To switch from local to S3:
  1. Upload existing files to S3 bucket manually
  2. Update configuration to use S3 datasource
  3. Update database if file paths changed
  4. Restart Zipline
  5. Verify files are accessible
  6. Delete old local files after confirming migration
To switch from S3 to local:
  1. Download all files from S3 to local directory
  2. Update configuration to use local datasource
  3. Restart Zipline
  4. Verify files are accessible

Storage statistics

Total size

Get total storage usage:
const totalBytes = await datasource.totalSize();
console.log(`Total storage: ${bytes(totalBytes)}`);
Local implementation: Iterates through all files and sums sizes S3 implementation: Uses ListObjectsCommand and sums ContentLength

Individual file size

const fileSize = await datasource.size('abc123.png');
Local: Uses stat() to get file size S3: Uses HeadObjectCommand to get metadata

Temporary directory

All uploads are initially saved to a temporary directory:
CORE_TEMP_DIRECTORY=/tmp/zipline
Default: os.tmpdir() + '/zipline' The temp directory is used for:
  • Initial file reception
  • Image compression
  • GPS metadata removal
  • Chunked upload assembly
Temp files are automatically cleaned up after upload completes or fails.

FAQs

No, Zipline uses a single datasource for all files.
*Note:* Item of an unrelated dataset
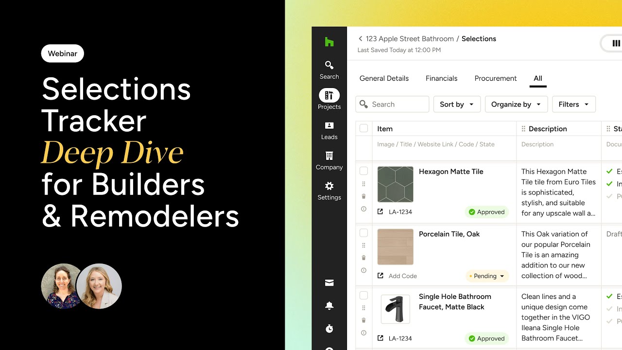 The Houzz Pro Selections tool makes keeping track of your building or remodeling project’s products and materials easy. It also lets you track the budget and client approvals in real time and access client comments on selections, all in the same place. And now we’ve upgraded the feature to make it work even harder for you. Learn all about it in the 30-minute webinar and see a demo too!

You cannot mix local and S3 storage within the same instance.
Any S3-compatible service works: AWS S3, MinIO, Backblaze B2, DigitalOcean Spaces, Wasabi, Cloudflare R2, etc. Use the endpoint and forcePathStyle options for non-AWS services.
For local storage, use filesystem backup tools (rsync, tar, etc.). For S3 storage, use S3 versioning, cross-region replication, or bucket lifecycle policies.
Yes, mount your NAS to the server and point DATASOURCE_LOCAL_DIRECTORY to the mount point. Ensure proper permissions and network reliability.
Uploads will fail and return errors. Zipline validates S3 access on startup, so if S3 is down when Zipline starts, it will exit with an error. Consider using S3’s built-in redundancy.